Introduction
ARIMA has been a classical workhorse for time series forecasting, but it struggles with nonlinear dependencies and long-range patterns. LSTM (Long Short-Term Memory) solves the vanishing gradient problem of vanilla RNNs by introducing a dedicated memory cell, enabling it to capture long-term temporal dependencies.
This article covers the mathematical foundations of LSTM gates and demonstrates practical time series forecasting with PyTorch.
The Limitation of RNNs: Vanishing Gradients
A standard RNN updates its hidden state as:
\[h_t = \tanh(W_h h_{t-1} + W_x x_t + b) \tag{1}\]During backpropagation through time (BPTT), gradients are multiplied by the weight matrix at every step. When eigenvalues are less than 1 in magnitude, gradients shrink exponentially over long sequences — the vanishing gradient problem.
LSTM introduces a cell state \(c_t\) that acts as a “memory highway,” allowing gradients to flow without repeated multiplication.
LSTM Architecture
An LSTM cell has three gates operating on the concatenated input \([h_{t-1}, x_t]\).
Forget Gate
Decides what information to discard from the previous cell state.
\[f_t = \sigma(W_f [h_{t-1}, x_t] + b_f) \tag{2}\]Values close to 0 mean “forget”; close to 1 mean “keep.”
Input Gate
Controls how much new information to write into the cell state.
\[i_t = \sigma(W_i [h_{t-1}, x_t] + b_i) \tag{3}\]\[\tilde{c}_t = \tanh(W_c [h_{t-1}, x_t] + b_c) \tag{4}\]Cell State Update
Combines the forget and input gates to update the cell state.
\[c_t = f_t \odot c_{t-1} + i_t \odot \tilde{c}_t \tag{5}\]where \(\odot\) denotes the Hadamard (element-wise) product. The additive update preserves gradient flow over long sequences.
Output Gate
Determines what to expose as the hidden state.
\[o_t = \sigma(W_o [h_{t-1}, x_t] + b_o) \tag{6}\]\[h_t = o_t \odot \tanh(c_t) \tag{7}\]Parameter Count
For input dimension \(d_x\) and hidden dimension \(d_h\), one LSTM cell has:
\[4 \times (d_h \times (d_x + d_h) + d_h) \tag{8}\]parameters — four weight matrices (\(W_f, W_i, W_c, W_o\)) each of size \(d_h \times (d_x + d_h)\) plus biases.
LSTM for Time Series Forecasting
The standard Seq2One setup feeds a window of \(T\) past values \(\{x_{t-T+1}, \ldots, x_t\}\) and predicts \(x_{t+1}\).

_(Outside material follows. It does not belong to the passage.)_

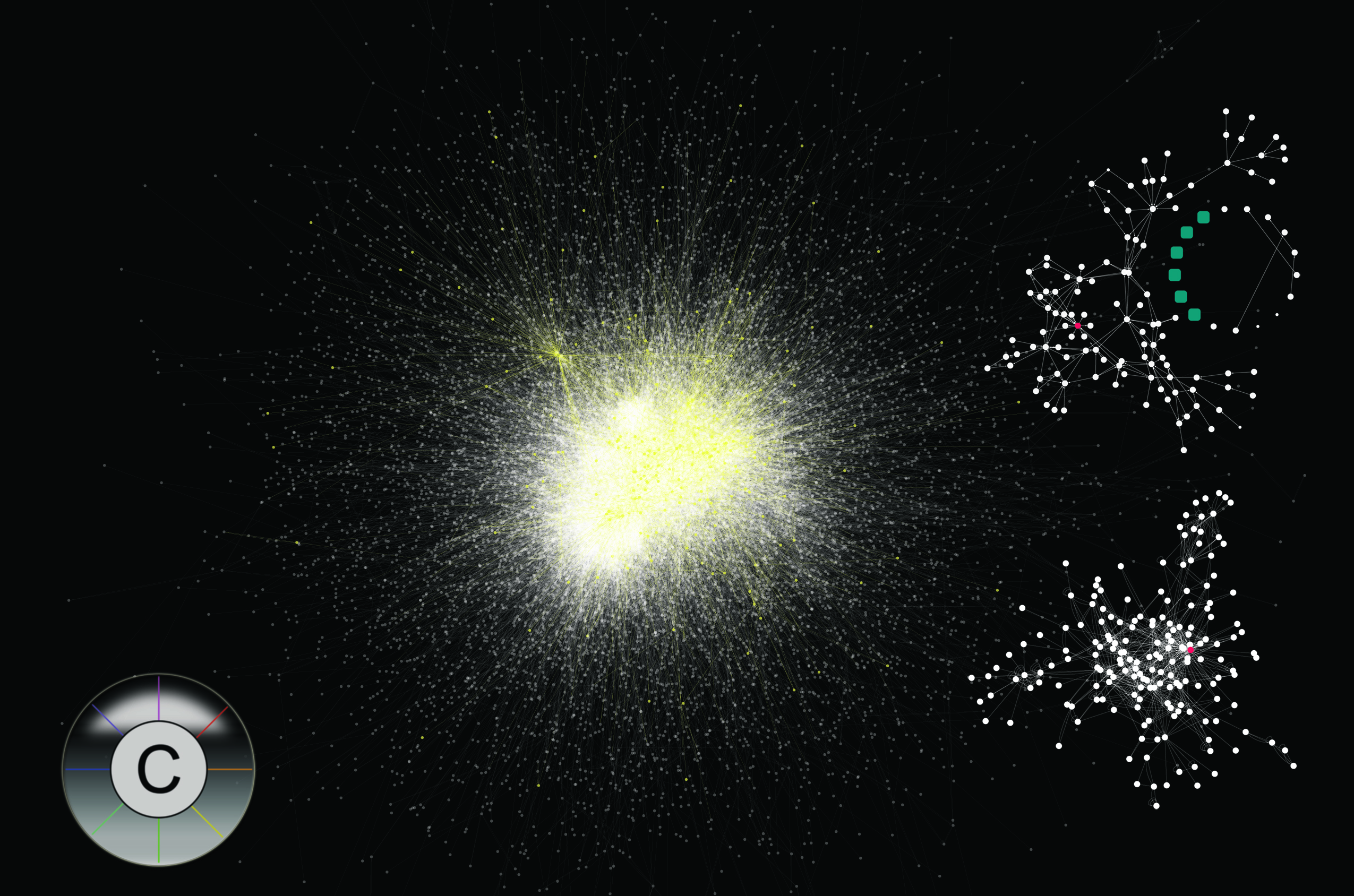 Mr. Keiichiro Ono University of California, San Diego, USA Human Interactome Analysis of biological networks is one of a hot topic in biology today. To understand the complex biological circuits (i.e., protein-protein interactions, protein-DNA interactions, etc.) data integration and visualization are two important technology. This image represents a typical workflow of biologists working on this hard problem. The center image is known human protein-protein interactions (called interactome) visualized by Cytoscape (http://www.cytoscape.org). This network is created by merging multiple data sources, including HPRD, BIND, BioGRID, and IntAct. Yellow nodes are proteins exist on known pathway (MAPK Signaling Pathway in KEGG database) and lower-right image is a visualization of the sub network. Upper-right network image is a visualization of the MAPK Signaling Pathway directly taken from KEGG database. You may notice that both of the smaller images have a red node. It is MAPK14 protein (Entrez Gene ID 1432). This type of visualization is useful when you want to map your own experimental data onto known pathways. All of these data integration, mapping, and visualization were done in Cytoscape. |

| Setup | Input | Output | Use Case |
|---|---|---|---|
| Seq2One | sequence → 1 | single-step | Next-step prediction |
| Seq2Seq | sequence → seq | multi-step | Multi-horizon forecast |
| Encoder-Decoder | variable-length | variable-length | Translation, anomaly |
Python Implementation (PyTorch)
Data Preparation
We use a noisy sine wave as a synthetic time series.
import numpy as np
import torch
import torch.nn as nn
from torch.utils.data import DataLoader, TensorDataset
import matplotlib.pyplot as plt
# Synthetic time series
np.random.seed(42)
t = np.linspace(0, 8 * np.pi, 1000)
data = np.sin(t) + 0.2 * np.random.randn(len(t))
# Normalize
data_mean, data_std = data.mean(), data.std()
data_norm = (data - data_mean) / data_std
def create_sequences(data, seq_len):
X, y = [], []
for i in range(len(data) - seq_len):
X.append(data[i:i + seq_len])
y.append(data[i + seq_len])
return np.array(X), np.array(y)
SEQ_LEN = 30
X, y = create_sequences(data_norm, SEQ_LEN)
split = int(len(X) * 0.8)
X_train, X_test = X[:split], X[split:]
y_train, y_test = y[:split], y[split:]
# Shape: [batch, seq_len, features]
X_train_t = torch.FloatTensor(X_train).unsqueeze(-1)
X_test_t = torch.FloatTensor(X_test).unsqueeze(-1)
y_train_t = torch.FloatTensor(y_train).unsqueeze(-1)
y_test_t = torch.FloatTensor(y_test).unsqueeze(-1)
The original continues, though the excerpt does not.